> Brief:
Print, exactly as they stand, the lines below from the one that has "出航してから3分でイルカの大" to the one that has "1.如阁下对MY-462D黑", inclusive, leaving out the pictures.

START Data supplied

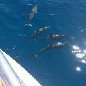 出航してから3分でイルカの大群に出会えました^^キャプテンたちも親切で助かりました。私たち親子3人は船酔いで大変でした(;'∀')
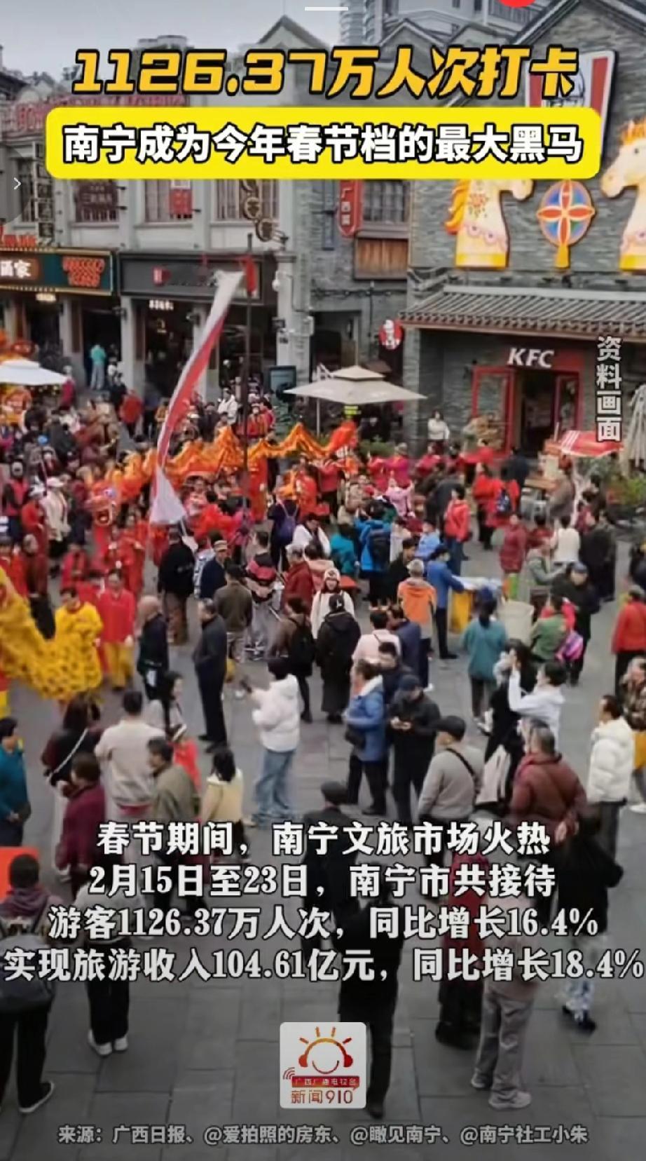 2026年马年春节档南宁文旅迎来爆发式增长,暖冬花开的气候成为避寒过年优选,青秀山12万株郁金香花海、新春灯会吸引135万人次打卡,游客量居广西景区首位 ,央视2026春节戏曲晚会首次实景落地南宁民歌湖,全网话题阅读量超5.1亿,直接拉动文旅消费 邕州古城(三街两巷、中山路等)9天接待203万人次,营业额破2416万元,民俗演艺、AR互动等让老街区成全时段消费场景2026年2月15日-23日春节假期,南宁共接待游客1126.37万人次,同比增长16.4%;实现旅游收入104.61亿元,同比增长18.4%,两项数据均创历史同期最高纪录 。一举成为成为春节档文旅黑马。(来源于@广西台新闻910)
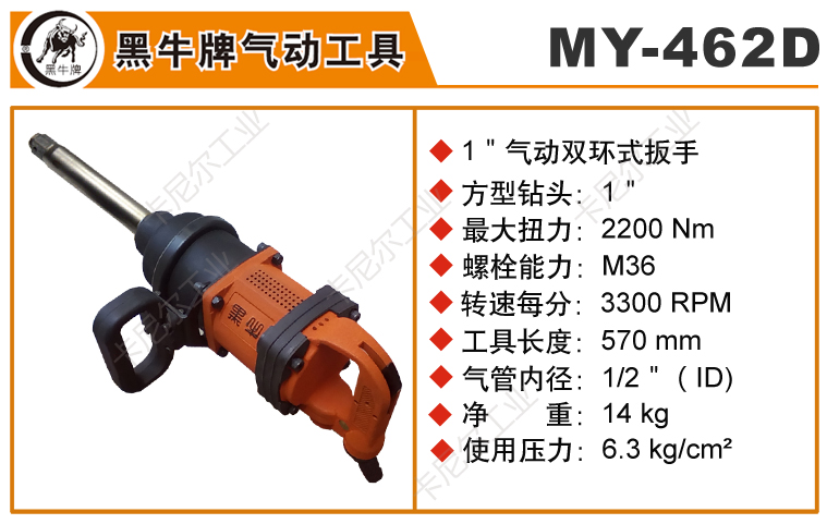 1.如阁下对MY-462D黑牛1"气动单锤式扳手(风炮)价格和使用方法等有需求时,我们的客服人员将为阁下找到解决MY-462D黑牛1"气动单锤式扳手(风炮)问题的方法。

END Data supplied
START Data supplied

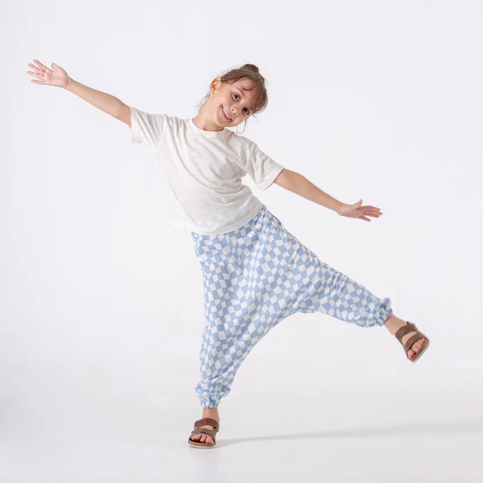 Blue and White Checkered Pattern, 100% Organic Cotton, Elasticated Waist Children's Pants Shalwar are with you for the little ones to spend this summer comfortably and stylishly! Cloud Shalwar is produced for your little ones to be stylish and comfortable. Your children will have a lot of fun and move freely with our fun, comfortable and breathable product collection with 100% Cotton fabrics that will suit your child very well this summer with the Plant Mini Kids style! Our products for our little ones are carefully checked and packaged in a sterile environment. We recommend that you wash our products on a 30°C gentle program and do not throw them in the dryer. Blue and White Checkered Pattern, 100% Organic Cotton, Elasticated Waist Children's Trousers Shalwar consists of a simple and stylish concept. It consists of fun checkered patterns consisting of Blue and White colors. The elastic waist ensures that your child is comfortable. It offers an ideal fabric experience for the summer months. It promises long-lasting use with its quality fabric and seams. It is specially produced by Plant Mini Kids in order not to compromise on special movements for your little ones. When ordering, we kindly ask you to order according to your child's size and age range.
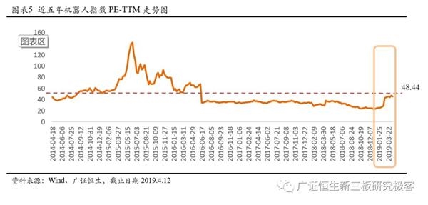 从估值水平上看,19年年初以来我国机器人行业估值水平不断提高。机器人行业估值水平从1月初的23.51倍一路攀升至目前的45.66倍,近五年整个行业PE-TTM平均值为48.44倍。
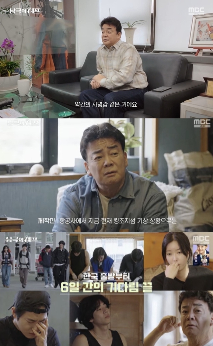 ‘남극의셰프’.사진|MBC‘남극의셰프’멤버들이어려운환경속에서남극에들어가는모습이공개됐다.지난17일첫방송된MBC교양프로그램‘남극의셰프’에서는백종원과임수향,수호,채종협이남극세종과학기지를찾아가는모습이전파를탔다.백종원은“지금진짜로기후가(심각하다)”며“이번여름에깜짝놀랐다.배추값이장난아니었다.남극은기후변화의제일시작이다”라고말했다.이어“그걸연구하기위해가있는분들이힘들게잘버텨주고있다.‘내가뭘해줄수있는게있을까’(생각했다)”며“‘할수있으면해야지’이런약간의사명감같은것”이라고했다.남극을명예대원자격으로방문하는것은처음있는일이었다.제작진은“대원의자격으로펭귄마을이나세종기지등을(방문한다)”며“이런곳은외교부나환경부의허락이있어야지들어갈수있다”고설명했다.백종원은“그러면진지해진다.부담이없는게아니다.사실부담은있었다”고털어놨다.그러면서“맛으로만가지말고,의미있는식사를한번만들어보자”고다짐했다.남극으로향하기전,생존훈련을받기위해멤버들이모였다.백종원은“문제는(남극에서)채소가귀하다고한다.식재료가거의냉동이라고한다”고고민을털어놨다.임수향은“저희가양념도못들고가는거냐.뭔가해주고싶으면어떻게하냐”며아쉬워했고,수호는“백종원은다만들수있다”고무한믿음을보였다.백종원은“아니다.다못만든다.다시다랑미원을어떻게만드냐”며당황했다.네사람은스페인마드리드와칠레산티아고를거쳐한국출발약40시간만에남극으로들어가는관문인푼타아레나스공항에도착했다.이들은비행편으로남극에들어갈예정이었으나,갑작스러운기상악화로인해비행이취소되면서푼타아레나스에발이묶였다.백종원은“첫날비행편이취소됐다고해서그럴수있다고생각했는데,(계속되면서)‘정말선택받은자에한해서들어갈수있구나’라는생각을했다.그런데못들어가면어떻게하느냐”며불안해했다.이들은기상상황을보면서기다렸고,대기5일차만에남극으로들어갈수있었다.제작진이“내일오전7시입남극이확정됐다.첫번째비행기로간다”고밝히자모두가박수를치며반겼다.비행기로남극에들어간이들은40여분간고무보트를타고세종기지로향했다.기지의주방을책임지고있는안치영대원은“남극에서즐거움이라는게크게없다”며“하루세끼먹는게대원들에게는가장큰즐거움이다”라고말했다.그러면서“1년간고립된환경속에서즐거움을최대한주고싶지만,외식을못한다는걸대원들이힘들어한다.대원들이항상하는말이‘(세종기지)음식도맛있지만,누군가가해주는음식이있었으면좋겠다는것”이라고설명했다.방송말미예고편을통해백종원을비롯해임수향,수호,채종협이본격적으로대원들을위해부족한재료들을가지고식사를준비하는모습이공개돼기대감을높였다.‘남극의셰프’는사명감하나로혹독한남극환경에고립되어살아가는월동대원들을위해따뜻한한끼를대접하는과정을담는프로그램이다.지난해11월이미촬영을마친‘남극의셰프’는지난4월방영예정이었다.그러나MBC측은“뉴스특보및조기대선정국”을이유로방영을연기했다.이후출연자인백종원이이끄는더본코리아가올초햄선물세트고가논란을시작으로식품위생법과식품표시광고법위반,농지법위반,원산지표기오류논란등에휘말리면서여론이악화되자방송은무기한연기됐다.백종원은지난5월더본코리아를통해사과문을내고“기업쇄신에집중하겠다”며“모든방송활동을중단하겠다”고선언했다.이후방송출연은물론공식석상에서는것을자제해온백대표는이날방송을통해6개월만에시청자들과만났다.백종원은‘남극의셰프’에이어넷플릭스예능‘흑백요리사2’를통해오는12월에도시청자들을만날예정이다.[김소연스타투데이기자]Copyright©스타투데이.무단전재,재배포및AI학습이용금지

END Data supplied

> Result below:
 出航してから3分でイルカの大群に出会えました^^キャプテンたちも親切で助かりました。私たち親子3人は船酔いで大変でした(;'∀')
 2026年马年春节档南宁文旅迎来爆发式增长,暖冬花开的气候成为避寒过年优选,青秀山12万株郁金香花海、新春灯会吸引135万人次打卡,游客量居广西景区首位 ,央视2026春节戏曲晚会首次实景落地南宁民歌湖,全网话题阅读量超5.1亿,直接拉动文旅消费 邕州古城(三街两巷、中山路等)9天接待203万人次,营业额破2416万元,民俗演艺、AR互动等让老街区成全时段消费场景2026年2月15日-23日春节假期,南宁共接待游客1126.37万人次,同比增长16.4%;实现旅游收入104.61亿元,同比增长18.4%,两项数据均创历史同期最高纪录 。一举成为成为春节档文旅黑马。(来源于@广西台新闻910)
 1.如阁下对MY-462D黑牛1"气动单锤式扳手(风炮)价格和使用方法等有需求时,我们的客服人员将为阁下找到解决MY-462D黑牛1"气动单锤式扳手(风炮)问题的方法。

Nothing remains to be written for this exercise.